Index insurance: is a type of insurance contract that involves the use of predetermined parameters (e.g. temperature, rainfall, or area yield), and thresholds as the basis for payouts to be issued. Once a certain threshold of a certain parameter is crossed (for example, when rainfall surpasses a predetermined level), payments will be issued to policyholders. Index insurance works in contrast to indemnity insurance, which involves damage assessments and payments that correspond to a policyholder’s actual loss.
Insurance premium: is the amount charged to an insured party for an insurance coverage that reflects the expectation of loss. The terms of the payment (i.e. payment due dates, frequency, and amount to be paid) are stipulated in a contract.
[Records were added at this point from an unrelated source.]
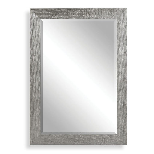 UttermostFrame has a textured, silver finish with a light gray glaze. Mirror is beveled and may be hung horizontal or vertical.Specifications Featured-0 Di...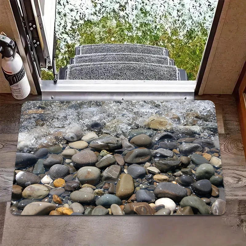 3D River Rock Doormat - Realistic Pebble and Water Design for a Nature-Inspired Home Entrance, Creating a Calming Atmosphere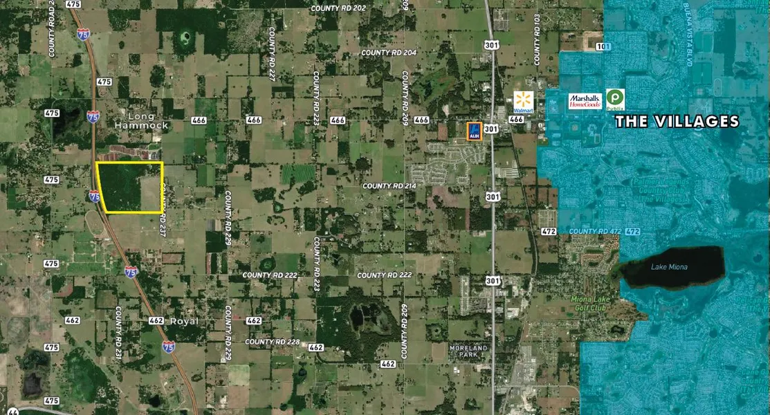 Just 4 miles to The Villages! The Villages, an age-restricted community, is one of the fastest-growing master planned communities in the United States! Spanning portions of three counties (Lake, Marion and Sumter), The Villages exceeds 130,000 residents. This property boasts over 3,000 ft of frontage both Interstate 75 and CR 237. Short 10-minute drive to The Villages, 1 hour to Gainesville or Orlando, 30 minutes north to World Equestrian Center. Close to new 1.7million SF Dollar Tree Distribution Center facility.

Insurance products: are the different types of insurance agreements sold by an insurer. For example, an insurer may sell car and home insurance, liability insurance, healthcare coverage and contracts tailored for businesses. The various products offered by insurers are made to target different clients and the specific risks that they may be facing.
Integrated climate risk management approach: is a risk-oriented guide which incorporates climate change adaptation measures into disaster risk management policies and plans for sustainable development. It takes into consideration the physical, social, economic, financial and environmental dimensions of a country, region or municipality. It leverages insurance as a risk transfer instrument which can catalyse targeted investments that can be used in order to prevent and reduce risks, address residual risk and prepare to respond and recover from the impacts of a disaster.
Liquidity gap: is the discrepancy between the amount of financial assets accessible from available sources and the actual need for those resources.
NatCatSERVICE database: is a database of losses, which have been caused by natural disasters. This database, owned by Munich Re, is one of the world’s most comprehensive databases. Users of this database can produce quickly online analyses that meet their own needs.
Premium: is the monetary sum paid by the insured party to the insurer for the duration (term) of insurance coverage granted by the policy.
Protection gap: is the disparity of access to financial markets or affordability in emerging and low-income countries and access in high-income countries.
This glossary is based on the following sources:
FAO (2010). Agricultural value chain development: Threat or opportunity for women’s employment? Gender and Rural Employment Policy Brief #4, 2010. Available at http://www.fao.org/docrep/013/i2008e/i2008e04.pdf
Warner, Koko, and others (2013). Innovative Insurance Solutions for Climate Change: How to integrate climate risk insurance into a comprehensive climate risk management approach. Report No. 12. Bonn: United Nations University Institute for Environment and Human Security (UNU-EHS).
World Bank (2014). Financial Protection against Natural Disasters: An Operational Framework for Disaster Risk Financing and Insurance. Available at https://www.gfdrr.org/sites/default/files/documents/Financial%20Protection.pdf
UN General Assembly (2016). Report of the open-ended intergovernmental expert working group on indicators and terminology relating to disaster risk reduction.